What happened in Spotsylvania County the past five years should be in the backs of their minds. Handled well, this Board can be part of putting this school district on track. Handled poorly, Fredericksburg could find itself devolving into a recriminating culture war that will only spiral and delay the improvements the district requires.
Spotsylvania — Coming in Hot
Over the past year, the Spotsylvania School Board has begun to find some stability. Under the direction of Chair Megan Jackson, meetings have run smoother and the district has made significant changes in adjusting hiring policies, supporting its teaching staff, and recentering the district on its students as opposed to external political struggles.
Whether the district continues on this growth trajectory or again finds itself pitting parents against teachers depends in part on the three new Board members — Lawrence DiBella, Jennifer Morgan Craig-Ford, and Rich Lieberman.
None enters the job with experience as a teacher or with a background in education policy. This is not to question their ability to serve; it is to say that as new members of a School Board overseeing a system with a roughly $500 million budget, some 25,000 students and more than 4,000 faculty and staff, and subject to a wide range of federal and state policies that are currently undergoing a rapid remaking each has a great deal to learn.
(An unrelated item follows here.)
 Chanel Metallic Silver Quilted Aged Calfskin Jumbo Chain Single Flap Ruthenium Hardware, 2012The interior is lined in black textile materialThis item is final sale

Let them spend some time learning. Not just the ins and outs of how a public school system operates but also learning what is and isn’t their role.
The Board’s role is not to set curriculum, interview and interact with principals and staff, or re-litigate the decisions of previous Boards. Its role is to ensure that Board policies are correct, that teachers and administrators are appropriately supported and funded, and that they serve as conduits between their constituents’ concerns and the superintendent.
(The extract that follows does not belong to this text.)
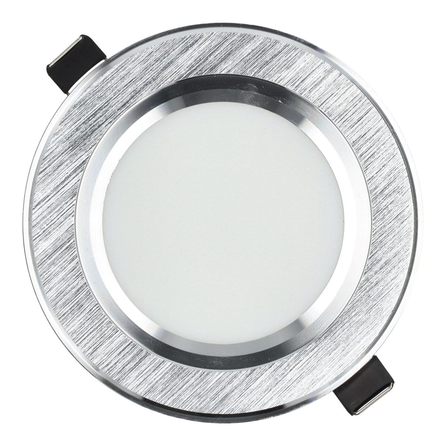 Downlight de LEDs redondo empotrable de gran angular de 7W con acabado en color plata, es uno de los productos más utilizados en iluminación ya que es ideal para su instalación en techos, tanto si cuentan con poco o mucho espacio. Debido a su ángulo de dispersión lumínica de 120° lo hace ideal como fuente de iluminación para uso residencial (pasillos, zonas de entrada, salones, dormitorios, baños o cocinas) y espacios más amplios como oficinas, tiendas, hoteles, bares, restaurantes o supermercados. No permite regular la intensidad de luz. La tecnología LED presenta un menor consumo en comparación con los downlight halógenos convencionales, permitiendo ahorrar cada mes en la factura de la luz. Para evitar daños en el driver o en la luminaria, se debe realizar la instalación sin tensión en la red eléctrica. Nunca conecte un panel a un driver cuando dicho driver tenga tensión eléctrica. Cuenta con una alta eficacia al consumir 7W mediante el LED SMD3030 7 leds que integra, logrando proporcionar un flujo luminoso de 600 lumens. La iluminación que aporta representa un consumo por valor de 7kWh/1000h, lo que supone una reducción de la cantidad de energía facturada y de emisiones de gases contaminantes a la atmósfera. Este downlight está disponible en dos temperaturas de color: blanca (6000°K) y cálida (3000°K). Su instalación debe realizarse en lugares interiores al poseer un grado de protección IP20 (protección contra partículas sólidas de tamaño superior a 12mm y no es resistente al agua). Soporta un voltaje de entrada de 220V y una frecuencia de servicio de 50/60 Hz. A la hora de realizar el montaje de cualquier downlight es primordial tener en cuenta tres dimensiones. En primer lugar, el espesor del downlight (90 mm), por otro lado el diámetro de corte (82 mm) que debe ser igual o menor al agujero del techo, y por último el diámetro externo del downlight (108 mm) que tiene que ser mayor al diámetro del agujero. Además de ser un producto que tiene más de 30.000 horas de vida, dispone de una garantía de 3 años. Cuenta también con el certificado CE, que acredita que se cumple con los requisitos de la UE respecto a compatibilidad electromagnética y normativa de baja tensión. Con este certificado se declara la conformidad de dicho producto con todos los requisitos legales exigidos, y asegura la validez del producto para ser vendido en todo el Espacio Económico Europeo. Incluye driver

If this new Board stays focused on continuing to recover, the district can begin to make the significant educational steps it needs to take. The superintendent’s record of success in numerous schools and districts prior to arriving here suggests that those gains are within reach.
Should the new members come in hot, however, re-litigating prior decisions and breathing air into the anti-public-school positions and conspiratorial thinking that is never far from this board, the positive strides made the prior year will be in jeopardy.
Boards Work Best When They Grow
Because board members are elected, politics will always be at play. But once elected, school board members in particular need to shift their focus from politics to the work at hand — overseeing and supporting the institutions they are charged to protect.
In Spotsylvania particularly, the district and its employees have been through enough turmoil. Novice board members coming in have much to learn. For a few months at least, there’s value is staying quiet and learning.
In Fredericksburg, the new board members face a district in distress. That the Board will need to make some significant decisions this year seems apparent. But that decisions must be made only underscores the importance of taking one’s time and moving thoughtfully forward as a unit.
There’s enough turmoil in education — let the incoming and existing school board members in Fredericksburg and Spotsylvania remember that.